As the group slowly expands one by one, attention is paid to core concepts of friendship and mutual aid. When the team seeks out star batter Yoshitaka Tsurugi, they even agree to help out working at Tsurugi’s family’s store to make his responsibilities more manageable and allow him the time to play alongside them. This consistent ethos of camaraderie goes a long way toward making Nine Dragons a fun, feel-good read even when the unstable nature of publication in Jump leads to some pacing issues.
It also shows a level of trust between the teammates that I’m frankly jealous of. When I was in seventh grade, I ran track and field. I enjoyed it and I was good at it, too. I wasn’t a prodigy, mind you, and I was never going to be a star player, but I had fun and even made it to regionals. Even in a relatively individual sport, I still formed friendships with my teammates and enjoyed our time together. When the season finished up that year, I had every intention of returning to the team in eighth grade.
I did not. My interest didn’t wane, and I would have loved to continue running. But in the year between seasons I had come out of the closet, and taking part on a sports team, putting myself in a position where I would be consistently surrounded by my largely homophobic would-be teammates, most of whom were physically stronger than me? It simply would never have been safe. I gave up track, and any hope of ever getting to participate in traditional sports again.
Enter then my fondness for sports manga and for Nine Dragons. I love the genre and this series in particular for many of the same reasons anyone else would: the themes of following dreams, of working hard toward achieving a goal and reaping the benefits of said work. Add in a great artist like Ashibi and you get exciting stories laced with action, humor, and hope— perfect for reading, as I do, on lunch breaks or after a tiring day at work.
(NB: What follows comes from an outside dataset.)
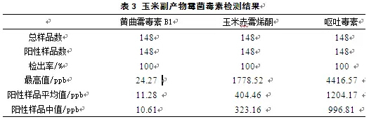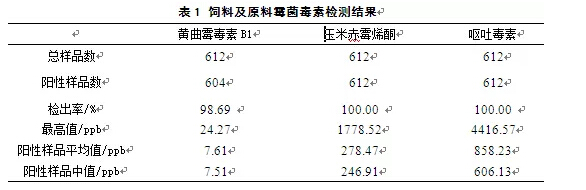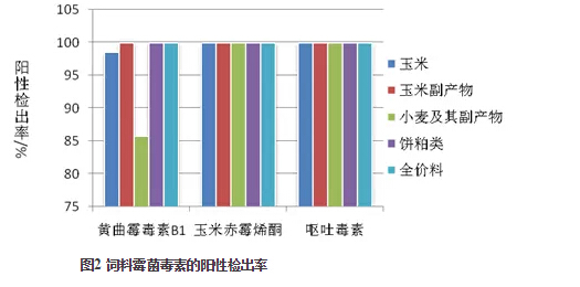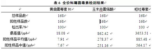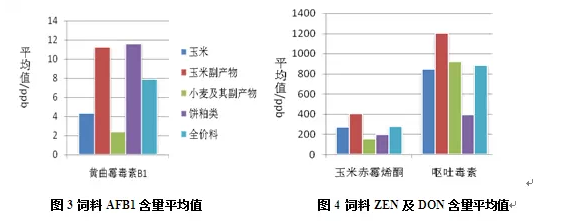 霉菌毒素是由不同絲狀霉菌次級代謝產(chǎn)生的有毒物質(zhì),農(nóng)作物的田間生長、飼料加工儲藏等過程中,環(huán)境的不斷變化會引起霉菌的滋生,進而代謝出大量的霉菌毒素。霉菌毒素的污染不僅給動物帶來危害,而且對人類健康產(chǎn)生了潛在的威脅,是不容忽視的問題。江蘇奧邁生物科技有限公司實驗分析中心對2014年飼料和原料樣本霉菌毒素檢測結(jié)果進行了統(tǒng)計分析,并形成報告,為行業(yè)內(nèi)同仁提供參考。 1 樣品概述 2014年1-12月,江蘇奧邁生物科技有限公司共收到來自江蘇、四川、北京、山東、江西、河南、青島、安徽、浙江、上海等地區(qū)的樣品612份,其中玉米138份、玉米副產(chǎn)品148份、小麥及副產(chǎn)物42份、餅粕類38份,全價料168份及其他78份。實驗分析中心對這612份樣品分別進行了黃曲霉毒素、玉米赤霉烯酮、嘔吐毒素的檢測。 2 檢測方法 樣品采用ELISA酶聯(lián)免疫試劑盒進行霉菌毒素檢測。不同的毒素檢測試劑盒檢測對應的毒素。 為了得到最佳的檢測結(jié)果,實驗分析中心還對不同廠家的試劑盒進行對比、篩選,并將試劑盒所測得結(jié)果與液相色譜法結(jié)果進行比對,選出了最合適的試劑盒。 ELISA試劑盒采用固相直接競爭性酶聯(lián)免疫原理。在包被有相應毒素抗體的微孔中加入標準品或經(jīng)提取溶液處理過的樣品以及酶標物,標準品或樣品中的毒素與毒素偶聯(lián)物競爭抗體,洗去未結(jié)合的酶標記物,TMB底物顯色,加入終止液后用酶標儀在450nm波長下進行檢測。各霉菌毒素的最高限量為:黃曲霉毒素20ppb、玉米赤霉烯酮500ppb、嘔吐毒素1000ppb。 3 檢測結(jié)果 3.1 樣品總體情況 2014年收到的所有樣品均檢測出霉菌毒素,由圖1可以看出,檢測到一種霉菌毒素的樣品為0,檢測到兩種毒素的有8個樣品,占總樣品數(shù)的1.31%,檢測到三種的占98.69%。由此可見,這三種霉菌毒素在飼料及原料中的污染非常普遍,且存在多種霉菌毒素共存的現(xiàn)象。 樣品霉菌毒素的總體檢測情況見表1和圖2。黃曲霉毒素B1陽性檢出率為98.69%,玉米赤霉烯酮和嘔吐毒素陽性檢出率均為100%,其中小麥及副產(chǎn)物的黃曲霉毒素檢出率最低,為85.71%。從各種霉菌毒素的絕對含量來看,黃曲霉毒素B1的最高含量為24.27ppb,來源于玉米淀粉渣。但黃曲霉毒素B1的陽性樣品平均值僅為7.61ppb,中值(表示陽性樣品中50%樣品毒素含量低于該數(shù)值,50%樣品高于該數(shù)值)為7.51ppb,低于國家規(guī)定的飼料衛(wèi)生標準(20ppb);而玉米赤霉烯酮和嘔吐毒素的最高含量分別為1778.52ppb和4416.57ppb(已遠遠超過最高限量),都來源于玉米蛋白飼料。這兩種毒素含量的平均值分別為278.47ppb和858.23ppb,中值分別為246.91pb和606.13ppb。 3.2 玉米樣品檢測結(jié)果 從表2可以看出,玉米樣品中黃曲霉毒素B1的絕對含量不高,平均值和中值分別為4.35ppb和3.08ppb。但嘔吐毒素最高含量達到4320.92ppb,超標率達到了19.12%。玉米赤霉烯酮和嘔吐毒素含量的平均值分別為270.14ppb和844.39ppb,中值分別為225.88ppb和395.37ppb,在飼料衛(wèi)生標準范圍之內(nèi)??傮w看來,今年玉米的嘔吐毒素污染很嚴重。。 3.3 玉米副產(chǎn)物樣品檢測結(jié)果 玉米副產(chǎn)物樣品包括玉米酒糟72份,玉米蛋白粉12份,玉米胚芽粕44份,噴漿玉米皮16份,玉米淀粉渣4份。如表3,此類樣品污染較嚴重,各霉菌毒素的含量都很高,黃曲霉毒素B1、玉米赤霉烯酮和嘔吐毒素含量的平均值分別為11.28ppb、404.46ppb和1204.17ppb,其中,嘔吐毒素含量的平均值已超過了最高限量,最高值為4416.57ppb,來源于玉米蛋白飼料。其超標率達到了52.94%。這三種毒素含量的中值分別為10.61ppb,323.16ppb和996.81ppb。 3.4 小麥及其副產(chǎn)物樣品檢測結(jié)果 從表4可看出,黃曲霉毒素B1的陽性檢出率和含量均較低,其陽性檢出率為85.71%,平均值為2.39ppb;玉米赤霉烯酮的含量也遠低于玉米,平均值為154.78ppb;嘔吐毒素含量相對高一些,其平均值和中值分別為920.75ppb和761.09ppb,主要是麩皮污染嚴重些。 3.5 餅粕類樣品檢測結(jié)果 從表5可以看出,餅粕類樣品黃曲霉毒素B1的含量高于玉米,其最高值達18.95ppb,來源于花生粕。三種毒素含量的平均值分別為11.58ppb,197.88ppb和392.27ppb,中值分別為12.40ppb,211.30ppb和381.05ppb。總體看來,餅粕類樣品主要是黃曲霉毒素污染稍微嚴重一些。 3.6 全價料樣品檢測結(jié)果 由表6可以看出,黃曲霉毒素B1的陽性樣品平均值和中值分別為7.91和7.67,低于國家規(guī)定的標準(20ppb)。玉米赤霉烯酮和嘔吐毒素的陽性檢出率均為100%,平均值分別為278.37ppb和885.48ppb。嘔吐毒素含量很高,最高值達到3653.51ppb,超標率達到11.9%。中值分別為251.16ppb和564.17ppb。由此可見,2014年的全價料樣品霉菌毒素污染狀況嚴重。 3.7 樣品檢測結(jié)果對比 從絕對含量來看(圖3、圖4),玉米副產(chǎn)物樣品的三種毒素含量的平均值均最高;小麥及其副產(chǎn)物樣品的黃曲霉毒素B1和玉米赤霉烯酮含量的平均值均比較低,但嘔吐毒素含量高;餅粕類樣品的黃曲霉毒素B1含量較高;玉米和全價料的玉米赤霉烯酮和嘔吐毒素含量稍高,比黃曲霉毒素B1污染嚴重。 4 概況與結(jié)論 從以上檢測結(jié)果可以看出,黃曲霉毒素B1的發(fā)生概率比玉米赤霉烯酮和嘔吐毒素稍低,污染程度不高。其中,餅粕類的黃曲霉毒素污染稍重一點。 玉米赤霉烯酮和嘔吐毒素的陽性檢出率較高,但

It’s this feel-good ethos that I’ll miss most from Nine Dragons. Some of the teammates butted heads and had prickly relationships, but they were still friends and their personality quirks felt like just that: quirks, sometimes irritating but nothing to hide or run away from. From all-star aces to more unassuming all-rounders, everyone on the team does their part, and even the more frequently irritating or immature members of the team get their earned moments of support and affirmation from their peers.
None of this is to say that Nine Dragons is an underrated should-be-classic, by any means. The one-by-one nature of the character recruitment got a bit slow and repetitive, and the series’ quick cancellation prevented the creators from fully developing all the plot threads and rival characters they introduced. Nonetheless, this was series about a group of kids who loved baseball and who practiced hard and supported each other, pushing forward as a group even when they had been rejected previously as individuals. Regardless of the early ending, this tone of positivity shined through and was infectious throughout.
And for me, once a gay kid who had to give all that up? Who had the limits of my belonging to a team tested and broken? It’s a sentiment I doubt I’ll ever get tired of, in spite of my own loss, or maybe even because of it. I haven’t played on a sports team in over a decade, but Nine Dragons made me want to step up to bat.